After a lot of work, the property became a reliable source of income. With the addition of Section 8 tenants, “it’s been cash flowing since 2020,” Camara said.

Camara said that when the bank saw this deal work out, it agreed to a second, granting her a mortgage for a $68,000 duplex in Cleveland.

She scaled up — and up — from there.

She doesn’t shy away from properties that might scare off other investors. Her portfolio includes a mouldy $40,900 home she spent $48,000 gut-renovating, land she bought for $7,000 sight unseen, and a distressed house she bought for $15,000 after seeing promising local comps. Of two commercial properties she owns, one had been damaged in a fire and vacant for more than a year before she renovated.

She assembled a team she trusts, and put in money from banks and her jobs to fix places up. (She started a second job in 2021, giving her two six-figure salaries for more than a year.)

Other would-be investors now come to her for advice. Touring a property with an investor from Texas whom she was mentoring, Camara didn’t balk when they walked into a kitchen in disarray with a giant hole in the ceiling.

“Wow, needs a lot of work,” she said. “This is a gut rehab, meaning everything has to go.”

Buying a dream house

Until recently, she and her husband, Ebrima Saine, a software engineer she met at the University of the Gambia, were renting a two-bedroom apartment with their 4-year-old son. “Living way below my means,” she said.

In November, she closed on a “dream house” for their growing family. She was pregnant, due in the spring.

This house is not a fixer-upper — not by a long shot. Located near highly rated schools and a picturesque lake, it has a two-story foyer framed by tall windows that let sunlight pour in, a pristine kitchen and an expansive sunroom that looks out over the backyard.

And five bedrooms. As she toured the place with Saine and their son, they identified possible locations for a “man cave” and a nursery. With this much space, their son could have not just one room but “rooms,” Camara laughed as she reached for his hand.

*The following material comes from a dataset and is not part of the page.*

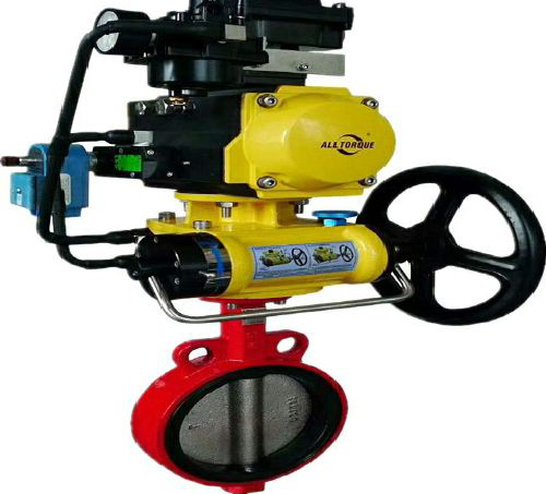 4、安裝完畢后,對WD671X16-氣動蝶閥進行調試(正常情況下供氣壓力為0.4~0.6MPa),調試運行時須手動操作電磁閥啟閉(將電磁閥線圈失電后手動操作方可有效),觀察WD671X16-氣動蝶閥的啟閉情況。如果在調試運行過程中發現閥門在啟閉過程初始時有些吃力,之后正常,則需要將氣缸行程調小(把氣缸兩端行程調節螺絲同時往里調一點,調整時需將閥門運行到開位置,然后將氣源關掉再調),直至閥門啟閉動作順滑且關閉無泄漏。還需要注意的是,可調型消音器可以調節閥門的啟閉速度,但不可調得過小,否則可能引起閥門不動作。

With a net worth of more than $1 million, she gives back to family members and strangers, donating money to Gambian orphans. She especially likes making anonymous gifts.

Around the world, there are vast numbers of people in poverty who long to change their circumstances. Camara had the advantage of being gifted with numbers and trained in data analysis. She was willing to put in the time, take big risks, mess up, learn and start again.

Asked how she did it all, Camara came back to her faith.

“It’s God,” she said, “and also, I think it’s my drive to not go back to where I started, and, also, access to resources,” specifically, YouTube and social media.

“There’s so many investors that are ready to teach you,” Camara said. “There’s so many people you can follow and learn from.”